Acórdão do Supremo Tribunal de Justiça
Processo:
02A1018
Nº Convencional: JSTJ00002049
Relator: LOPES PINTO
Descritores: DANO
DANOS FUTUROS
Nº do Documento: SJ200204230010181
Data do Acordão: 04/23/2002
Votação: UNANIMIDADE
Tribunal Recurso: T REL LISBOA
Processo no Tribunal Recurso: 6546/01
Data: 10/23/2001
Texto Integral: S
Privacidade: 1
Meio Processual: REVISTA.
Decisão: CONCEDIDA PARCIALMENTE A REVISTA.
Área Temática: DIR CIV - DIR OBG.
DIR PROC CIV - PROC EXEC.
Legislação Nacional: CCIV66 ARTIGO 564 N1 N2.
CPC67 ARTIGO 661 N2.
Jurisprudência Nacional: ACÓRDÃO STJ PROC226/96 1SEC DE 1996/07/02.
ACÓRDÃO STJ DE 1994/10/11 IN BMJ N440 PAG437.
Sumário : I - O dano não pode ser concedido como uma diferença de valor patrimonial; para o direito o dano não interessa apenas no seu aspecto de "diferença", mas interessa toda a individualização do objecto efectivamente lesado, a qual será a base da reparação futura.
II - O direito não tutela bens, mas interesses.
III - O dano não é a subtracção pura e simplesmente, mas a subtracção enquanto priva o homem de uma utilidade, é a consequência nociva da ofensa - não é a ofensa.
IV - O dano futuro eventual, que mais não seja que um receio, deve equiparar-se ao dano imprevisível, não indemnizável antecipadamente - só indemnizável na hipótese da sua efectiva ocorrência.
V - No incidente da liquidação, em processo executivo, só é possível fixar a quantidade da obrigação, e nunca conhecer da existência da própria obrigação.
Decisão Texto Integral: Acordam no Supremo Tribunal de Justiça:

"A" propôs contra B acção a fim de se o condenar, por incumprimento do contrato de utilização de um cavalo de alta competição, denominado Nacar de Tupot, e sua revogação sem justa causa, a lhe pagar a indemnização de 6.297.000$00, acrescida de juros de mora desde a citação.

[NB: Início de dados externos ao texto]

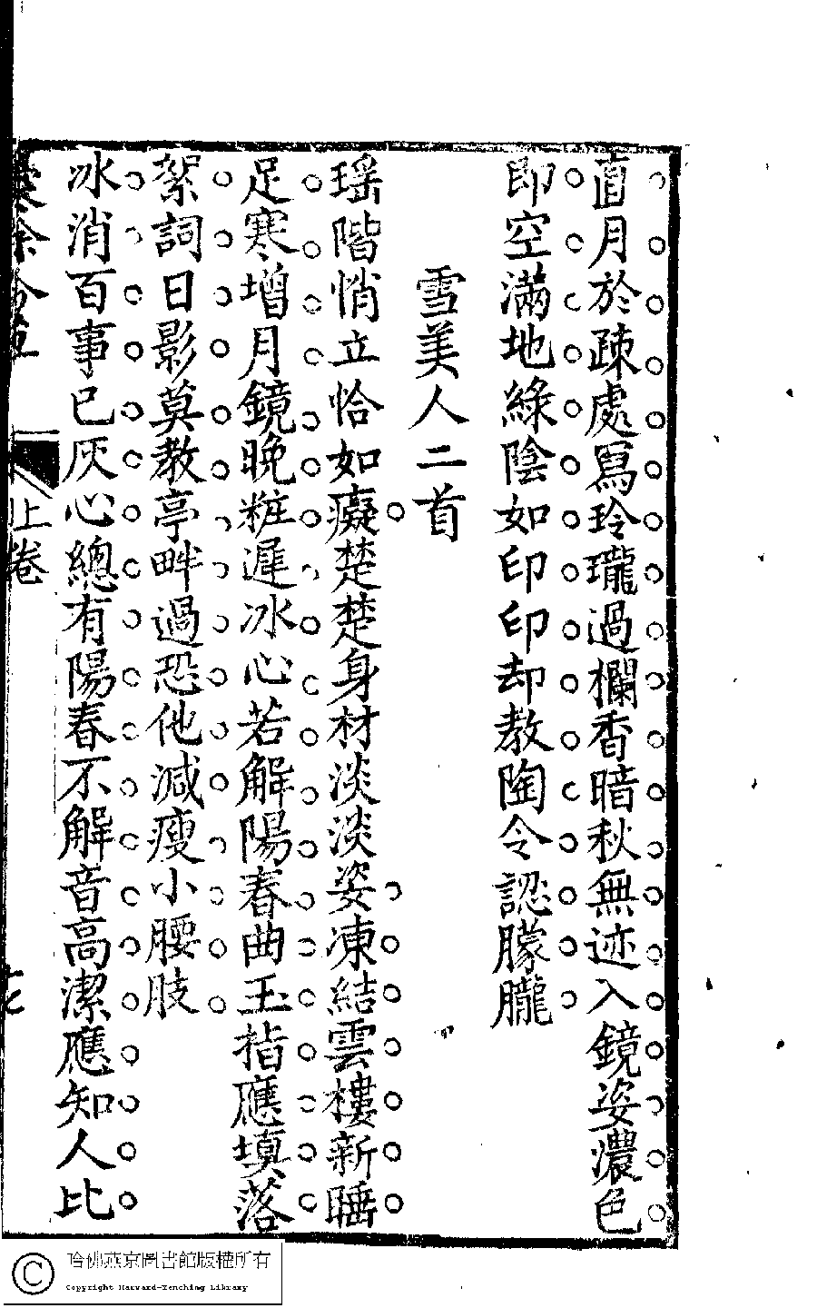 | (PRINT FRIENDLY VERSION) 爨餘吟﹕二卷(清屠鏡心撰)。清同治九年(1870)刻本 ![]() 頁碼 : 1.17a | 点 击 放 大 | 爨餘吟﹕二卷(清屠鏡心撰)。清同治九年(1870)刻本![]() 頁碼 : 1.16b | 点 击 放 大 | 返回 |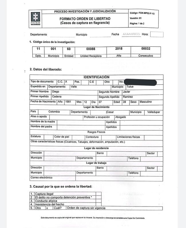 Esta emisora se comunicó con el abogado Iván Cancino, quien representa sus intereses, y este informó que se trató de un error de notificación pues Cadena se encuentra en libertad hace meses, no tiene orden de detención, ni ninguna restricción para salir de Colombia.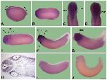 Fig. 1. Expression of cdc45. Embryos in (A) as well as (FâH) are oriented anterior to the left and dorsal to the top. (A) Stage 13 embryo. Arrowheads demarcate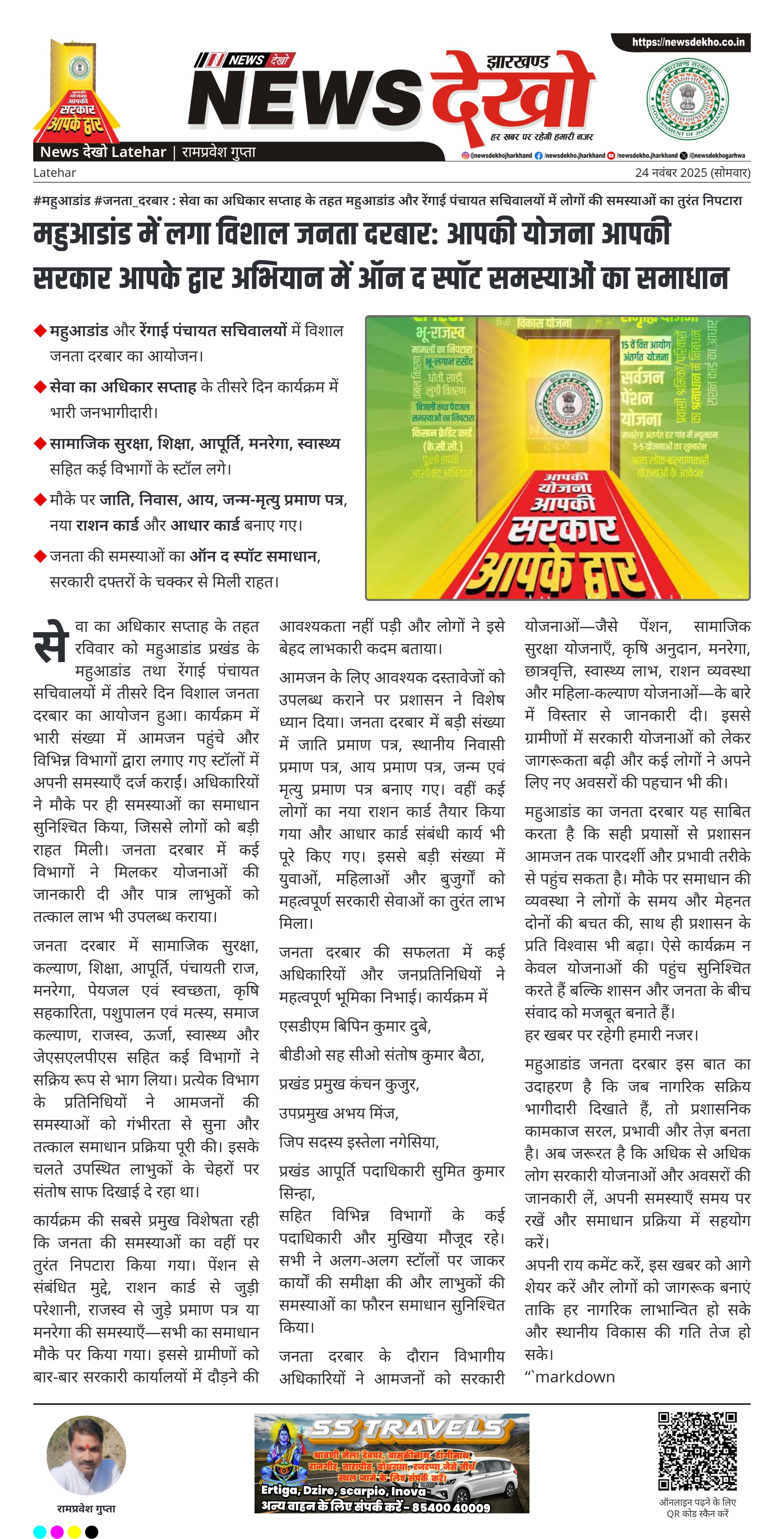 महुआडांड जनता दरबार इस बात का उदाहरण है कि जब नागरिक सक्रिय भागीदारी दिखाते हैं, तो प्रशासनिक कामकाज सरल, प्रभावी और तेज़ बनता है। अब जरूरत है कि अधिक से अधिक लोग सरकारी योजनाओं और अवसरों की जानकारी लें, अपनी समस्याएँ समय पर रखें और समाधान प्रक्रिया में सहयोग करें।
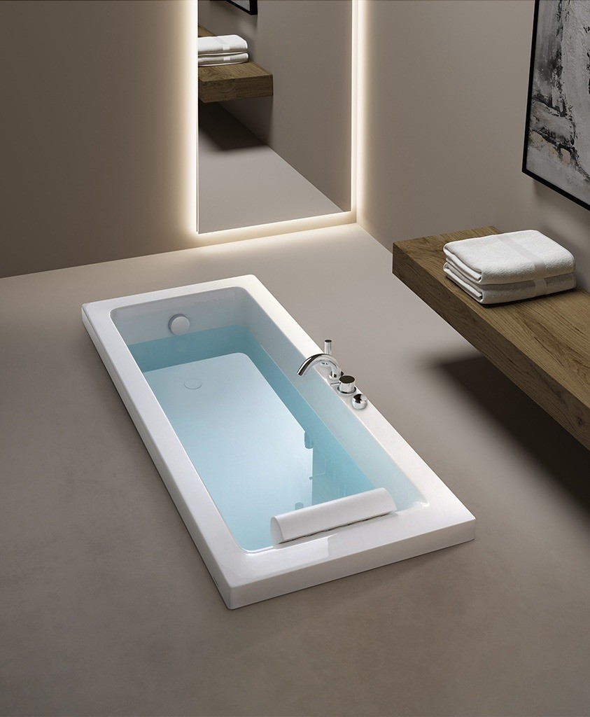Forma tradizionale in due scelte dimensionali. Un modello equilibrato e contemporaneo nei dettagli e nelle finiture, con la possibilità di scelta della versione basic o quella idromassaggio, cromoterapia e airpool. Una forma base per l’esaltazione dei colori tenui dell’acqua nell’azione energizzante della cromoterapia.
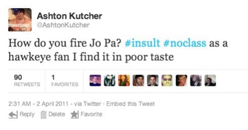 And if you’re going to tweet about Paterno and Sandusky, maybe use the words “poor taste” to describe their acts, not their punishment. Sound like a deal, Ashton?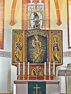 Der spätgotische Flügelaltar entstand um 1480 als Marienaltar in der Werkstatt von Hans Topher, auf den eine Inschrift im Mantelsaum der heiligen Katharina hinweist. Auf einer steinernen Mensa, an der noch Weihekreuze erkennbar sind, ruht auf einer Predella ein Triptychon. Das Gesprenge, das das Retabel bekrönte, ist verloren gegangen.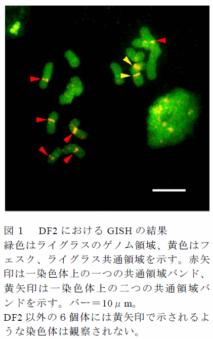 - ゲノミックin situハイブリダイゼーション(GISH)法によるゲノム解析の結果、DF1からDF7ではフェスク特異的染色体領域は検出されない。フェスク(赤色)とライグラス(緑色)の両方に共通な領域は、染色体上に黄色のバンドとして検出される。DF2のみ、黄色のバンドを二本持つ染色体が観察される(図1)。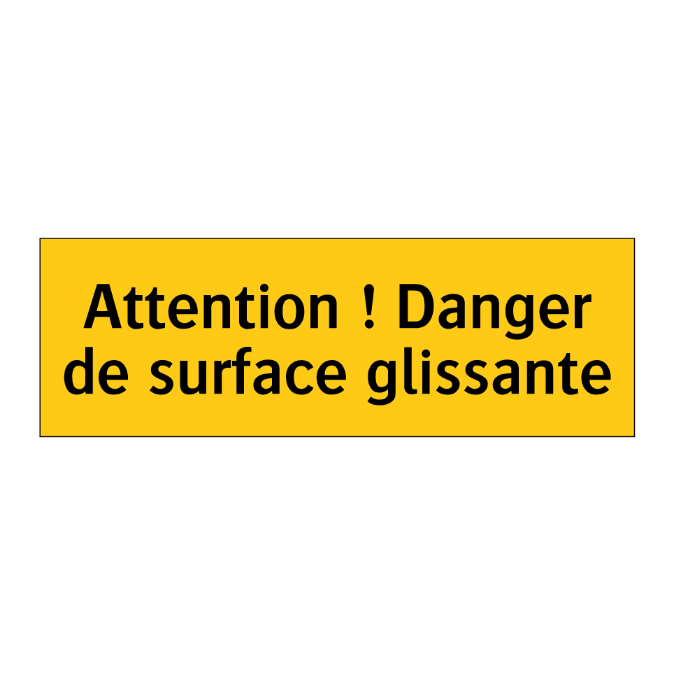 Panneau d'avertissement avec le texte : "Attention ! Danger de surface glissante"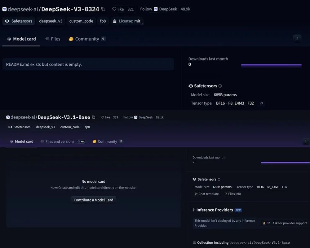 ▲上方为DeepSeek-V3-0324开源网页,下方为DeepSeek-V3.1-Base开源网页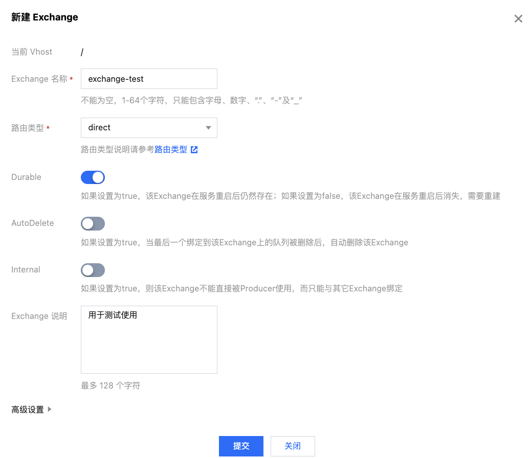 Vhost 用作逻辑隔离,不同 Vhost 之间的 Exchange 和 Queue 相互隔离,互不干扰。本文介绍在控制台新建一个 Vhost,并在 Vhost 下创建 Exchange 和 Queue 等资源的操作步骤,用于后续收发消息测试。
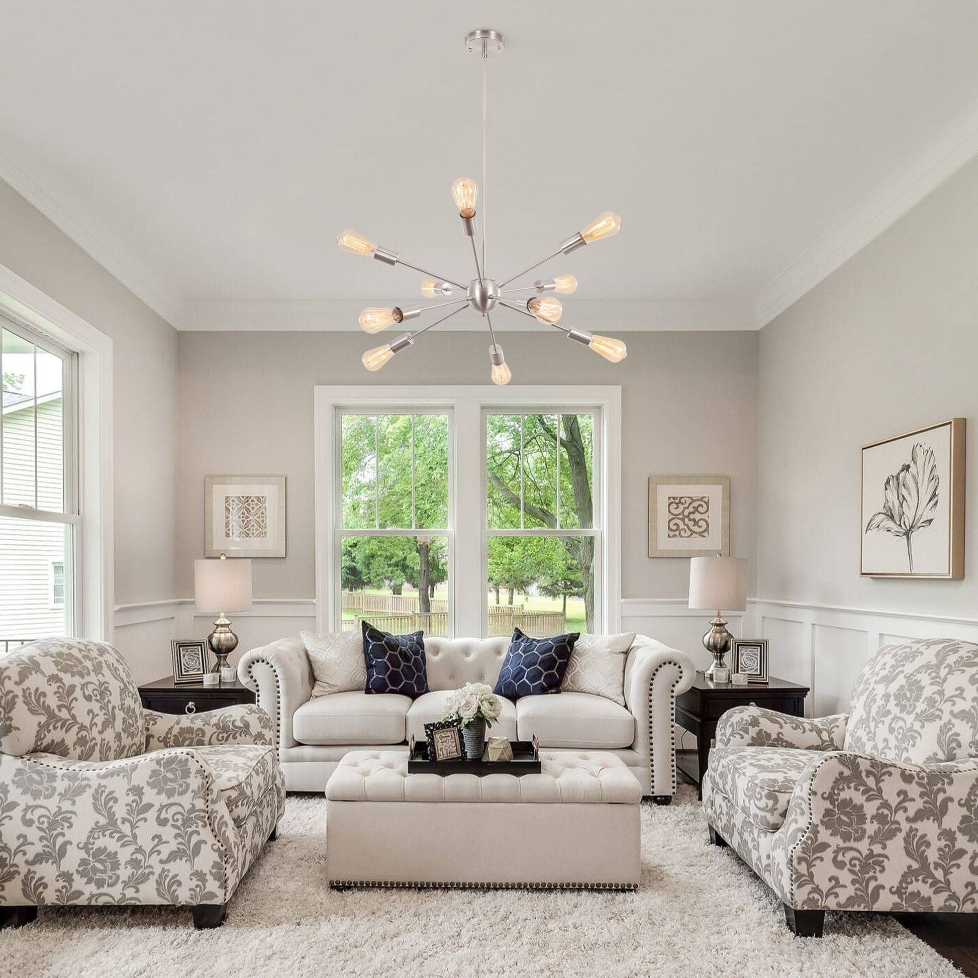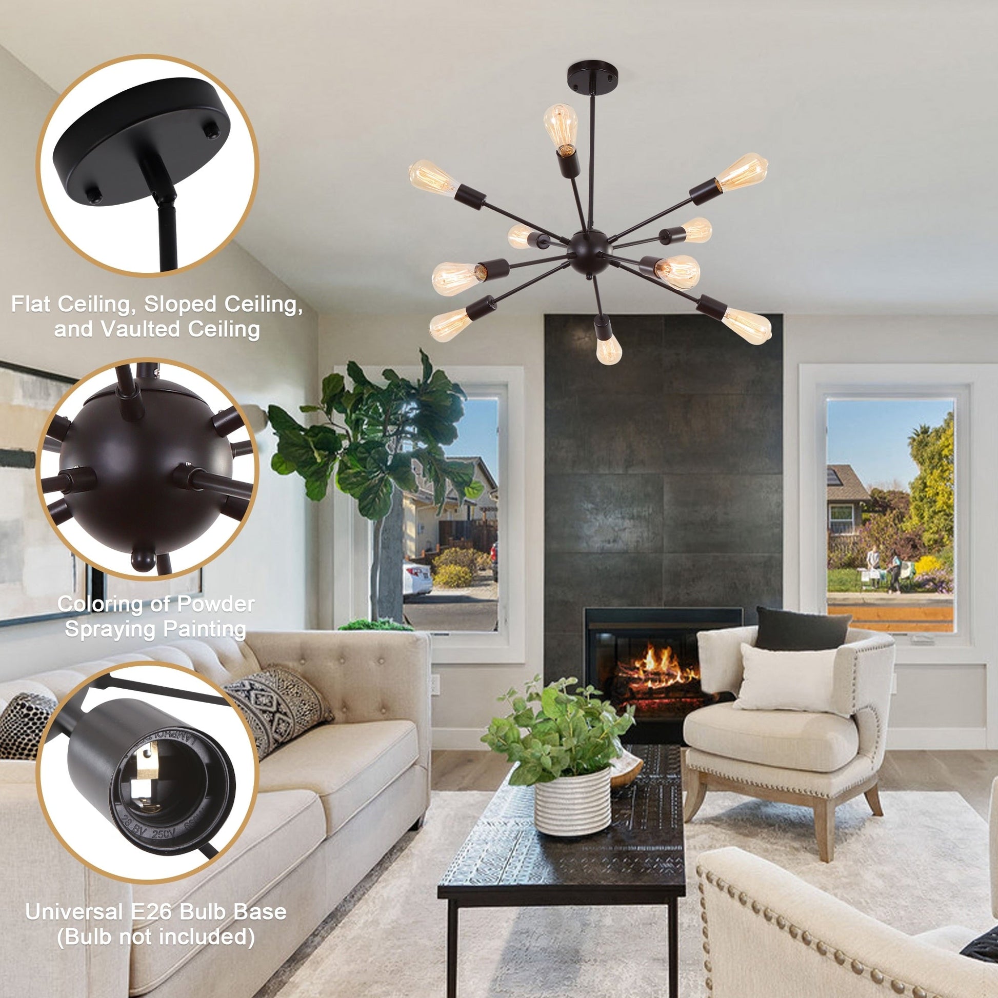 - 💡 Ampoules requises et compatible avec un variateur : Cette lampe Sputnik nécessite 10 ampoules standard E26. Elle est compatible avec les LED, les ampoules fluocompactes et les halogènes, et est entièrement compatible avec un variateur et des ampoules compatibles pour créer une ambiance confortable. (Variateur et ampoules non inclus)

Contestando, o réu excepcionou o cumprimento defeituoso do contrato, a mora e perda de interesse, o incumprimento - como causas justificativas para a revogação (unilateral) - e a alteração anormal das circunstâncias, e impugnou.
Após réplica, prosseguiu o processo até final, tendo improcedido a acção (por o autor não ter provado os danos).
Apelou o autor tendo a Relação revogado a sentença e condenado o réu a lhe pagar a indemnização, a liquidar em execução de sentença, relativa ao incumprimento do contrato no respeitante à não repartição dos lucros pela utilização do cavalo como garanhão e pelo impedimento, por facto ao réu imputável, da sua participação em diversos concursos em que estava inscrito.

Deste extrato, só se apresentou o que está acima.